Medical illustration showing the vagus nerve pathway through the neck and torso.
Credit: iStock.
Read time: 3 minutes

Dopamine is usually the first point of call to explain why food and drugs feel rewarding.


However, a new study has found that signals from the gut, carried by the vagus nerve, are required for normal dopamine responses. When vagal signaling was disrupted, dopamine activity and reward-related behaviors were strongly reduced.

The vagus nerve is reshaping views of dopamine reward

Reward, motivation, and reinforcement are often treated as problems of the brain alone, and at the center of this view sits dopamine. Neurons that release dopamine in the midbrain send signals to regions such as the nucleus accumbens, forming circuits that respond to food, drugs of abuse, and their linked cues.

 

Nucleus accumbens

A brain region involved in reward and motivation that responds strongly to dopamine released during pleasurable or reinforcing experiences.

 

“Reward events, whether elicited by food or drugs of abuse, and their ensuing (mal)adaptive consequences depend on the precise orchestration of distinct neural circuits and ensembles,” explained the authors of the latest study.


This framework helps explain why very different rewards can drive similar patterns of learning and behavior.

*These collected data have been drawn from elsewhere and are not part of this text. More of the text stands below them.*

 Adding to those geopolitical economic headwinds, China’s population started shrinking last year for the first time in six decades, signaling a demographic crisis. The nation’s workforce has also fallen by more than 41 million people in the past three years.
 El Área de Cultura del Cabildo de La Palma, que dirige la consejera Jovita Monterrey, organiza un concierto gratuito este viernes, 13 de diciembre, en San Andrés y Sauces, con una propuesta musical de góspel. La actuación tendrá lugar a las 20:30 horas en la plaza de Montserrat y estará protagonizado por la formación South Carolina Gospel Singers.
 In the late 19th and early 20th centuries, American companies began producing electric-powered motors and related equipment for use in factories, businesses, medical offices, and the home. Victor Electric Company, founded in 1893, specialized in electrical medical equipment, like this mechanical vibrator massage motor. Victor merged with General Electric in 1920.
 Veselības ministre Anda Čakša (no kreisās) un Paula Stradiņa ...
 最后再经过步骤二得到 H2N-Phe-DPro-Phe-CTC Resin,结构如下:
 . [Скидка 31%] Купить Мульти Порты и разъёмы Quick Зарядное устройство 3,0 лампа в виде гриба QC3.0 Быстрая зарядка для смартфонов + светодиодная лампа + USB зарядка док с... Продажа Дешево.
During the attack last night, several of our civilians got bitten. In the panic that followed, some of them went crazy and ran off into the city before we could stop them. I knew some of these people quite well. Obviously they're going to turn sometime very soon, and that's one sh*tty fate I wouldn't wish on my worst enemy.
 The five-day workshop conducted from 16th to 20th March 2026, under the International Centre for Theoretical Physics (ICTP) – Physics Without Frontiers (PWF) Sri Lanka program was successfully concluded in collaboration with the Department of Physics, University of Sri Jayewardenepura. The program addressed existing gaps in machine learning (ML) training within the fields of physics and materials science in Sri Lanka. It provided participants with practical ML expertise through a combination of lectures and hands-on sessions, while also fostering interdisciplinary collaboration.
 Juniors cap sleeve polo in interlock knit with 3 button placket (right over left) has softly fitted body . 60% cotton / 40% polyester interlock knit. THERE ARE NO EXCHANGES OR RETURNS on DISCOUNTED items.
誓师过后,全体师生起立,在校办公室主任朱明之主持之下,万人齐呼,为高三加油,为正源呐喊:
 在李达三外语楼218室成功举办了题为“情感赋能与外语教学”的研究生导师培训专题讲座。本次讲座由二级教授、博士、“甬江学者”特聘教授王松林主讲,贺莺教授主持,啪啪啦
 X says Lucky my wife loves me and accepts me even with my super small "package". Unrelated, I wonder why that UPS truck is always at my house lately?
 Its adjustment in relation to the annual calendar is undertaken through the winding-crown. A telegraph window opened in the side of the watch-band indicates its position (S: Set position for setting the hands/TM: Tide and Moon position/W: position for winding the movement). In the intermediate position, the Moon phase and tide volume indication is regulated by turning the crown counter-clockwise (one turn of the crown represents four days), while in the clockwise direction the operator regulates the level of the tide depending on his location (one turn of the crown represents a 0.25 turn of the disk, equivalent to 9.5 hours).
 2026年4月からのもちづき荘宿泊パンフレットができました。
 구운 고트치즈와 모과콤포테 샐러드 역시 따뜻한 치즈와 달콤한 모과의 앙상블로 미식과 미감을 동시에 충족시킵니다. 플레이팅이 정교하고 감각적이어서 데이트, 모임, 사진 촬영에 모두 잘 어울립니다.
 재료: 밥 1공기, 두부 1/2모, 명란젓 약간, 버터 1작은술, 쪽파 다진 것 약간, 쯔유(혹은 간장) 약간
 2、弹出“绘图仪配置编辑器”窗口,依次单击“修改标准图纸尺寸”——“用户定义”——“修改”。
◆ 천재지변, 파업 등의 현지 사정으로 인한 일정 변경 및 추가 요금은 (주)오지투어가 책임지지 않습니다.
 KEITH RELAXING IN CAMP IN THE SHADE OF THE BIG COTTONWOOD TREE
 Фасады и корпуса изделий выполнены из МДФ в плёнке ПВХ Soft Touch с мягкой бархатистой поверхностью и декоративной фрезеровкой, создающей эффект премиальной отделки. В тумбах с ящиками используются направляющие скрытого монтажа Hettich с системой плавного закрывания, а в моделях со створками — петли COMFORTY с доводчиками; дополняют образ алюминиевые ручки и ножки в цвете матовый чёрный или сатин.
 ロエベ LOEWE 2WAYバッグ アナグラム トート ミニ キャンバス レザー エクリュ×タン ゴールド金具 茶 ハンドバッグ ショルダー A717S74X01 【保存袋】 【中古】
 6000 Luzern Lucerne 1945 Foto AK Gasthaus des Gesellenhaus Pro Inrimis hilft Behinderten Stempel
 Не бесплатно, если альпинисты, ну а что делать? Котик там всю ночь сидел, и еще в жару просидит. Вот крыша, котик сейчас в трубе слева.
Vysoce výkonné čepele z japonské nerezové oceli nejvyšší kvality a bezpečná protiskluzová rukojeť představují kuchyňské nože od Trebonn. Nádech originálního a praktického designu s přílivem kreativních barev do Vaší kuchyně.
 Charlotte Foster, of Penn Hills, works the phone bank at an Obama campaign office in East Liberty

Recently, however, this brain-focused view has started to shift. Studies now show that signals from the body shape how the brain responds to the environment. Hormones, immune signals, and internal metabolic state can all influence motivation and learning.


“The gut emerges as a central player in coordinating the body-brain tango,” said the team. It produces chemical messengers, hosts microbes, and connects to the brain through dedicated nerves.


One of these pathways is the vagus nerve. It is the main sensory route carrying information from the gut to the brainstem and on to higher brain regions. The vagus nerve “serves as a major bridge between peripheral organs and the brain,” the authors added.


Previous work has linked vagal signaling to feeding behavior, and some studies suggested it could influence dopamine-driven eating. What remains unclear is whether the vagus nerve adjusts dopamine activity or is needed for dopamine-based reward itself.


The new study set out to test whether the gut–brain vagal axis is required for dopamine signaling and reward-related behavior in response to both food and drugs of abuse.

Cutting the vagus nerve alters dopamine and reward behavior

The researchers used mice and combined behavioral tests with real-time dopamine measurements and recordings of neural activity. In one group of mice, the vagus nerve was cut below the diaphragm, a procedure known as subdiaphragmatic vagotomy. Control animals underwent the same surgery, but the nerve was left intact.


Across multiple tests, the behavioral results followed the same pattern; mice without an intact vagus nerve showed weaker responses to palatable food. They were less active before feeding time and were less willing to work for food rewards when effort increased. Mice without vagal input also failed to learn normal associations between rewards and environmental cues, pointing to impaired reinforcement learning.


Basic movement, food preference, taste responses, and most metabolic measures were similar between groups, reducing the likelihood that sickness or motor problems drove the results.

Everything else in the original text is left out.